How lycopene may help
Antioxidant: Lycopene has the highest antioxidant potential of all carotenoid pigments.
(9) Prevents cardiovascular diseases:
Studies have shown that eating tomatoes and tomato products may reduce the risk of cardiovascular disease.
Lycopene, a carotenoid found in tomatoes and other fruits and vegetables, may help prevent cardiovascular disease. It has antioxidant properties, and may also reduce inflammation and cholesterol synthesis.
(10) Anti-inflammatory: Lycopene may reduce inflammation by blocking the NF-kappa B pathway and NO production.
Cholesterol synthesis: Lycopene may inhibit cholesterol synthesis and enhance LDL degradation.
Endothelial function: Lycopene may improve endothelial function, which can help with blood flow and nitric oxide bioavailability.
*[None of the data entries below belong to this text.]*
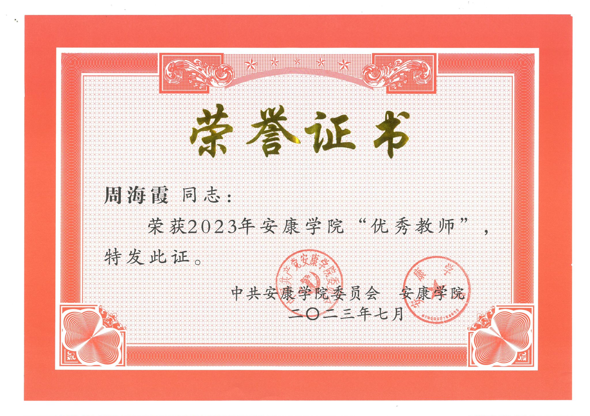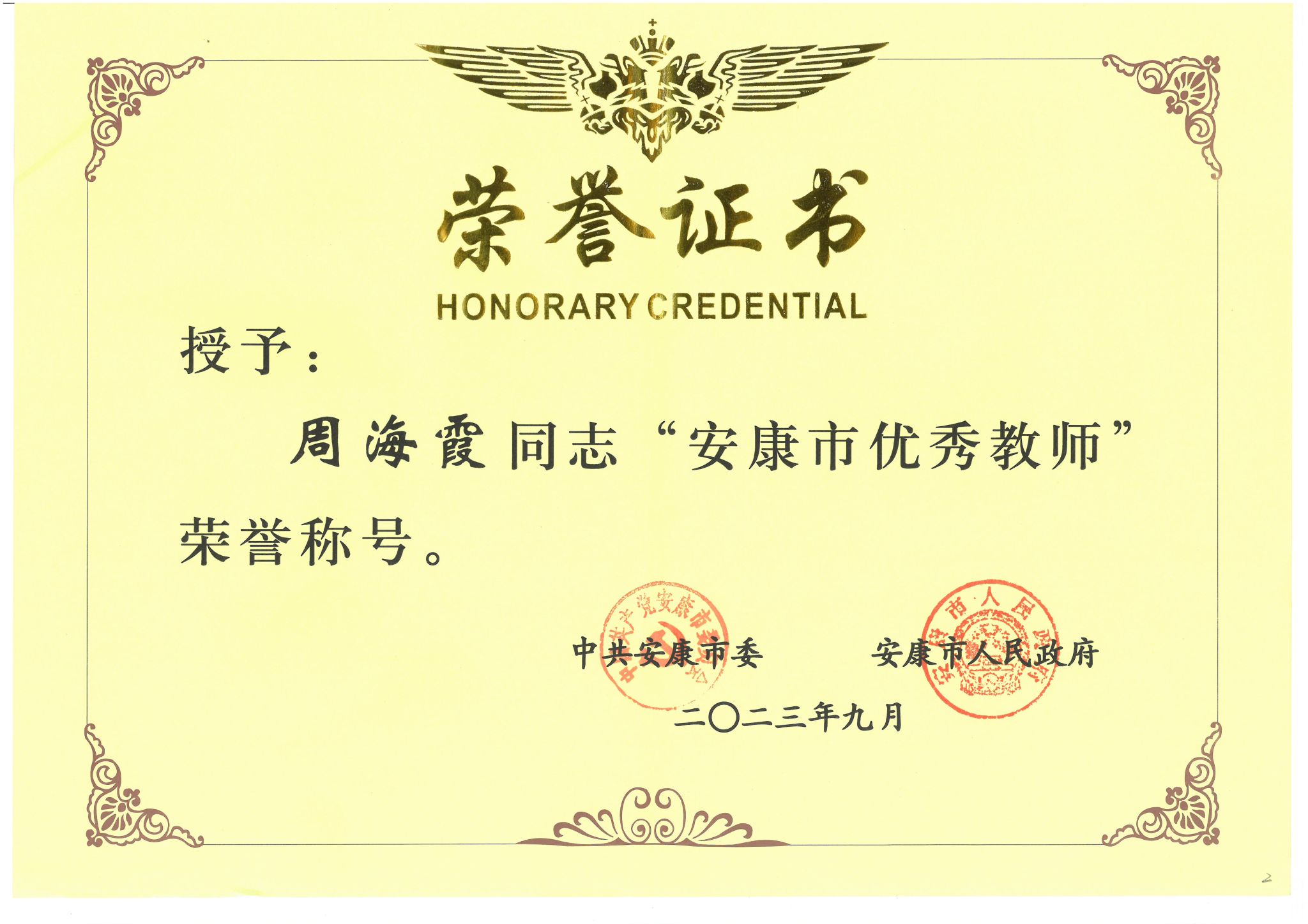 根据《关于推荐评选安康市教育工作先进集体和优秀教师、师德标兵、优秀班主任、先进教育工作者的通知》(安评组办发〔2023〕5号)精神和《BEAT365英国官网网站关于开展2023年校级教职工荣誉评选工作的通知》(党政办发〔2023〕16 号)相关要求,经个人申报、公司组织专家评审,公司教师周海霞被评为BEAT365英国官网网站优秀教师,同时被推荐参评安康市优秀教师,经安康市评审,确定周海霞为2023年安康市优秀教师。
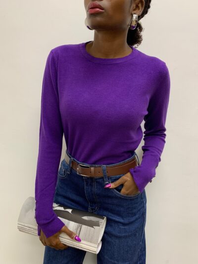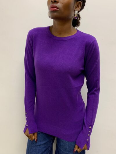 Elegante e versatile, questa maglia a tinta unita è realizzata in un tessuto elasticizzato che garantisce comfort e vestibilità perfetta. Il design a girocollo si abbina facilmente a ogni look, mentre il dettaglio di quattro bottoni decorativi sulle maniche aggiunge un tocco di stile raffinato. Ideale per un outfit casual-chic o per completare un look più formale.
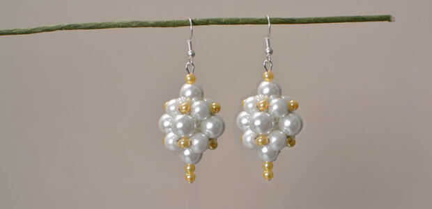 Hay cientos de diseños de pendientes de perlas en nuestro sitio Web. Proyecto DIY aretes de hoy es sobre un par de pendientes de bola perla fácil para novias. Como se puede ver en la imagen, sólo usé perlas blancos y amarillos para hacer el cuerpo principal de los pendientes con un diseño simple. A continuación está el tutorial para usted.
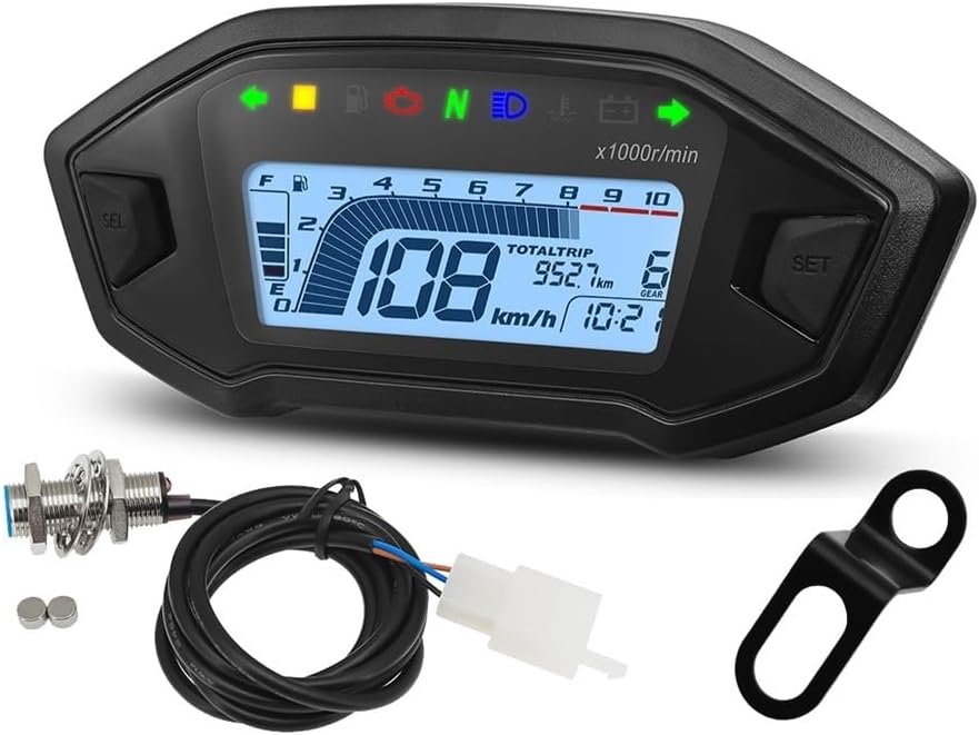 Universal For 1,2,4 Cylinder 10000RPM Motorcycle Display Tachometer Odometer Tachometer With Digital Sensor Dashboard GaugeProduct Name: Motorcycle OdometerBlack: positive yellowBlue: High beam, 12V is controlled Green/BlackBlue and white: fuel signal lineBlack and white: sensor signalOperating voltage: 10V-15VSpeed calibration: 42.5Hz corresponds to 60KM/HGreen: negative sensorSpeed calibration: 166Hz corresponds to 13*1000r/minVoltage: Less than 11.3V undervoltage symbol flashes, higher than 11.7V undervoltage symbol is not displayedFuel calibration: E point 98, F point 8Orange: Left turn, 12V positive control yellow/whiteLight blue: Turn right, 12V is controlled Green/RedMaterial Type : Plastic+GlassyHope you can buy your favourite products in the shop, welcome to the next visit.

There's no strict limit to how many tomatoes you can eat per day. However, it's best to eat a variety of fruits and vegetables in moderation.
Benefits of tomatoes
Antioxidants
Tomatoes contain antioxidants like lycopene, vitamin C, and vitamin E, which may help reduce inflammation and oxidative damage.
Potassium
Helps regulate fluids and balance sodium levels, which may help lower blood pressure.
Low glycemic index
Fresh tomatoes have a low glycemic index, which means they release sugar slowly into the bloodstream.
The glycemic index (GI) of a raw, ripe tomato is around 15–20, which is considered low.
The glycemic index (GI) is a ranking of how quickly foods raise blood sugar levels.
Foods with a GI of 55 or less are considered low, while those with a GI of 70 or more are considered high.
Tomatoes are non-starchy and have a low GI, making them a good choice for people with diabetes.
Other low-GI foods:
Green vegetables, Chickpeas, Raw carrots, Kidney beans, Bran breakfast cereals, Avocado, Broccoli, and Spinach.
How GI affects blood sugar
Foods with a high GI can raise blood sugar levels, while foods with a low GI have a smaller effect on blood sugar.
People with acid reflux or gastroesophageal reflux disease (GERD) may want to avoid or limit the amount of tomatoes they eat, as acidic foods can often make heartburn worse. 10 Some people with reflux can tolerate cooked tomatoes in small amounts.
Avoid use in individuals with hypersensitivity to lycopene or any of its food sources, especially tomatoes.